Online behavior execution for multi-group shape formation for a fifteen quadrotor ensemble. a Two groups of quadrotors (green and red) merge to form a circular formation of fifteen quadrotors. b A group of 5 quadrotors (green) leave a circle formation and move to a new location as a triangle formation. c A further group of 5 quadrotors (blue) split from their previous group and merge to form a line formation (Color figure online)

Fig. 11
figure 11

Photos from a theatric performance. Clockwise, from top left: User practicing gesture-based input; two groups forming lines; one quadrotor performing a solo; red team transitions across from the blue team; bottom row: two groups of three quadrotors in triangle formations circle each other by performing a rotation maneuver as a formation of six

A photo of all ten quadrotors in formation, performing a representative behavior from the trials, is shown in Fig. 9c. Figure 9a, b present the accelerations and minimum clearance distances exhibited by all quadrotors over the full flight time composed of all trials. These hardware results verify the simulation experiments. We observe that the reported vehicle accelerations remained under our planning acceleration limit, and all clearance distances between vehicles remained within the stated limits. Hardware experimental data are consistent with simulation results and confirm our dynamic simulation trials.

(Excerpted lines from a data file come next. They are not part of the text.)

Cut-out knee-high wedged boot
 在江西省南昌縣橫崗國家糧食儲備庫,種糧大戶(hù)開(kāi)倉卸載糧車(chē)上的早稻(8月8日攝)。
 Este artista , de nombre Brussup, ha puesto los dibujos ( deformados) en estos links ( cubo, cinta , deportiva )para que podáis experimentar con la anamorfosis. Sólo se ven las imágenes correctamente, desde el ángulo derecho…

While the 100 behavior transition results reported in Fig. 9a, b were randomly chosen to cover the behavior input space, a final demonstration of planner capability via system performance was performed using fifteen quadrotor platforms. For this performance, a set of complex behaviors was chosen which included splitting and merging of groups and performing periodic maneuvers with varied flight formations. These instructions were issued online to the fifteen robot fleet to demonstrate the scalability of the approach and highlight the system’s performance abilities. This performance is shown in an accompanying video, available online.Footnote 3

Additionally, timelapsed images of representative multi-group merging and splitting choreographies performed by the 15-robot team are shown in Fig. 10. We additionally show images from a user-directed theatric performance (Fig. 11), where a performer employed the described system to direct varying numbers of robots in a three act narrative.

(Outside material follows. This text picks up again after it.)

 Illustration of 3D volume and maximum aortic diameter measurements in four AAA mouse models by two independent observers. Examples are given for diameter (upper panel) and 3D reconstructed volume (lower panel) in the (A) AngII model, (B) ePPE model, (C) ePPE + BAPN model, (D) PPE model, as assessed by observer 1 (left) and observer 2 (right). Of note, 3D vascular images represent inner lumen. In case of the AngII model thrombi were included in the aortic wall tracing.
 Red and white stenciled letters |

5 Conclusion and future work

In this work, we develop a system to enable multi-robot trajectory generation in an online context specifically for an improvisational theatric application, using motion descriptors to allow a performer to specify theatric intent and direct robot choreographies online and using time-aware trajectory formulation methods for validation, verification, and trajectory refinement to systematically generate dynamically feasible and collision free motions. We show through evaluation that the proposed system design yields a robust approach capable of enabling online theatrical performances.

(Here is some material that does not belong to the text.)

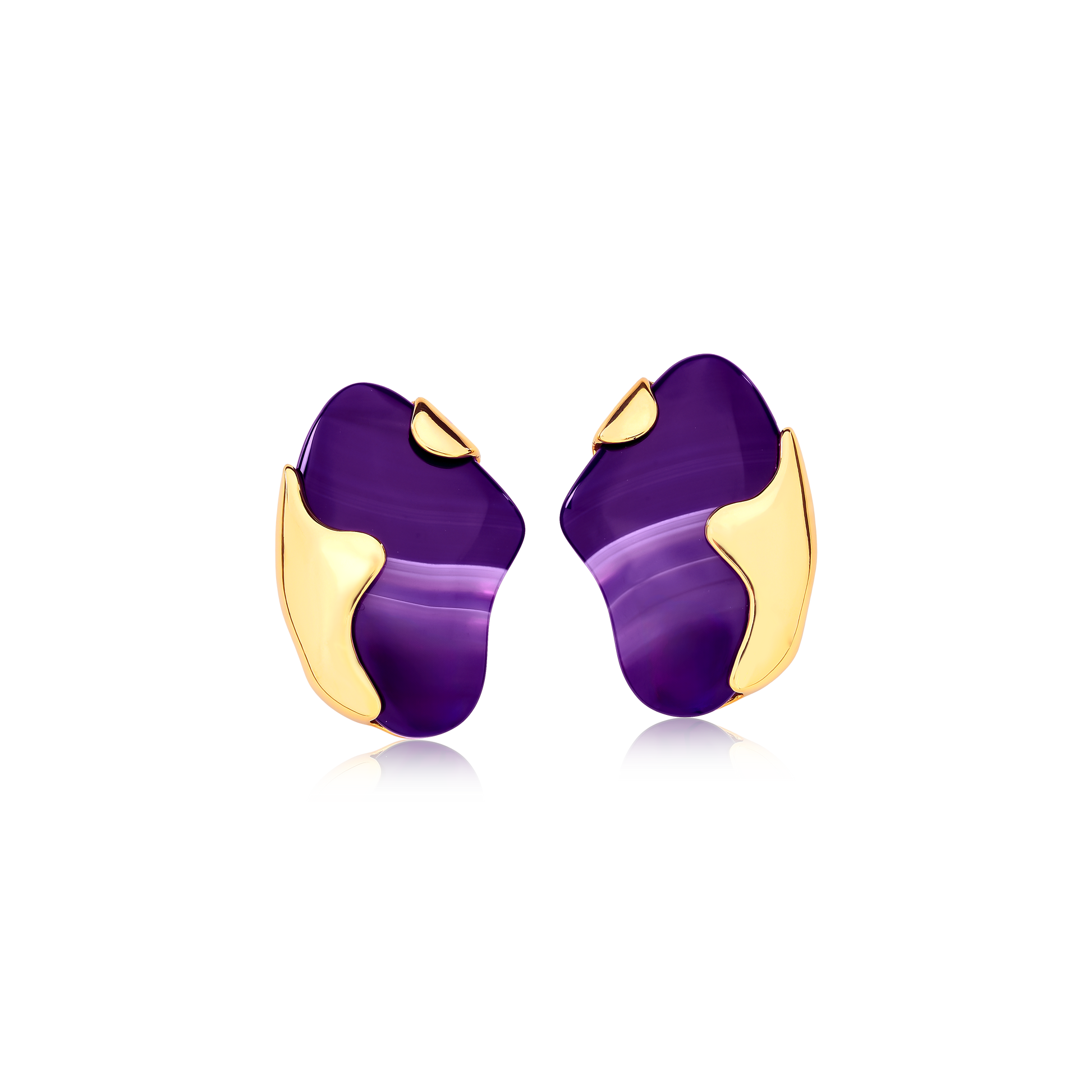 O banho de ouro envolve a pedra de forma fluida e escultural, valorizando seu desenho natural e criando um contraste elegante entre o brilho dourado e a intensidade do roxo. O design anatômico proporciona conforto ao uso, enquanto o formato contemporâneo transforma o brinco em uma peça de destaque imediato.

In the future, we will extend the system to incorporate learning techniques to improve system performance and user interaction over many training and performance sessions. These extensions include the generation of new behaviors building on past examples and creating “macros” of recurrent behavior combinations in order to reduce performer command repetition. Further, we are investigating modeling users over repeated interactions in order to anticipate user instructions (i.e., behavior input auto-completion) with the goal of reducing latency by preemptively validating and refining potential motions.